• [WHAT IS EXPECTED]: Set down the first line below and each line after it, ending with the one that holds "Geschirrtuch Winterzug Mit Tieren". Pictures do not belong in the copy.

• [SUPPLIED MATERIAL]:
____________________
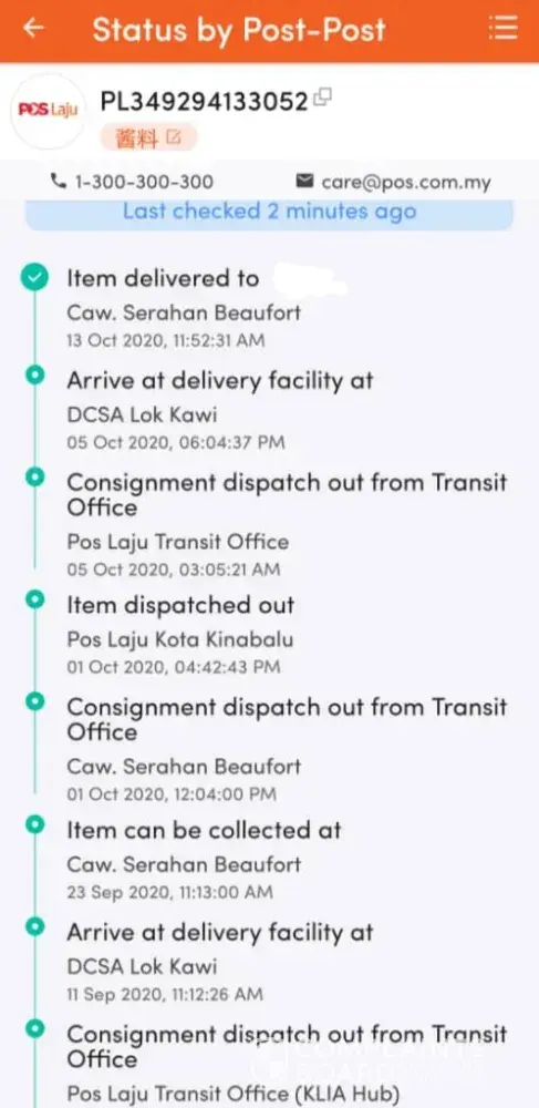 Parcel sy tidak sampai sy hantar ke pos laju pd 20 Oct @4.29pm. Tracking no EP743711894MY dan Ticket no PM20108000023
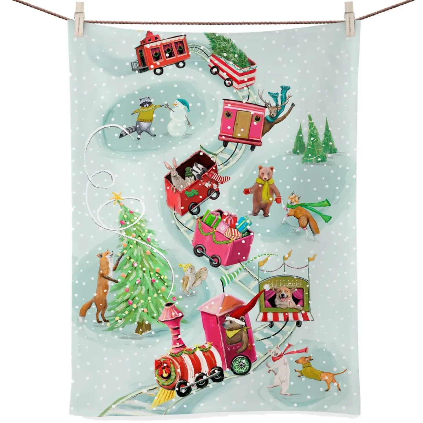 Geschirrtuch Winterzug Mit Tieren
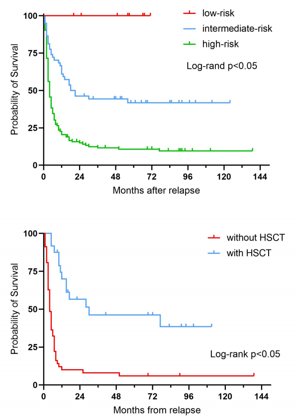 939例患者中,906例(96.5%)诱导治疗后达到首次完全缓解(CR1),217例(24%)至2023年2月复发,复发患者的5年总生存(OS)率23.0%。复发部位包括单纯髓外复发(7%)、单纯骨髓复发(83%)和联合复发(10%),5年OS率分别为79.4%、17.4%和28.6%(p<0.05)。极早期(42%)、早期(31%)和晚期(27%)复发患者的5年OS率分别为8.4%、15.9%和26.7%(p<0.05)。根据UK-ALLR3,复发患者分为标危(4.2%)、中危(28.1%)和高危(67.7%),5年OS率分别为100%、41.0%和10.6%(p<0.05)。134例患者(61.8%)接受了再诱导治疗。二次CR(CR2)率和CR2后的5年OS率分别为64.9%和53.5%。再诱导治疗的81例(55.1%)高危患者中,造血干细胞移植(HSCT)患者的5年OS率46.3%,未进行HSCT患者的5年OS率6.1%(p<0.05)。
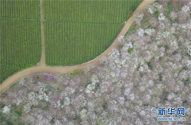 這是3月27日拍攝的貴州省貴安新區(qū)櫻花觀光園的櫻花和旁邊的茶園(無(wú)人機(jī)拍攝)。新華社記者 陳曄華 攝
____________________
• [TASK OUTPUT]:
 Parcel sy tidak sampai sy hantar ke pos laju pd 20 Oct @4.29pm. Tracking no EP743711894MY dan Ticket no PM20108000023
 Geschirrtuch Winterzug Mit Tieren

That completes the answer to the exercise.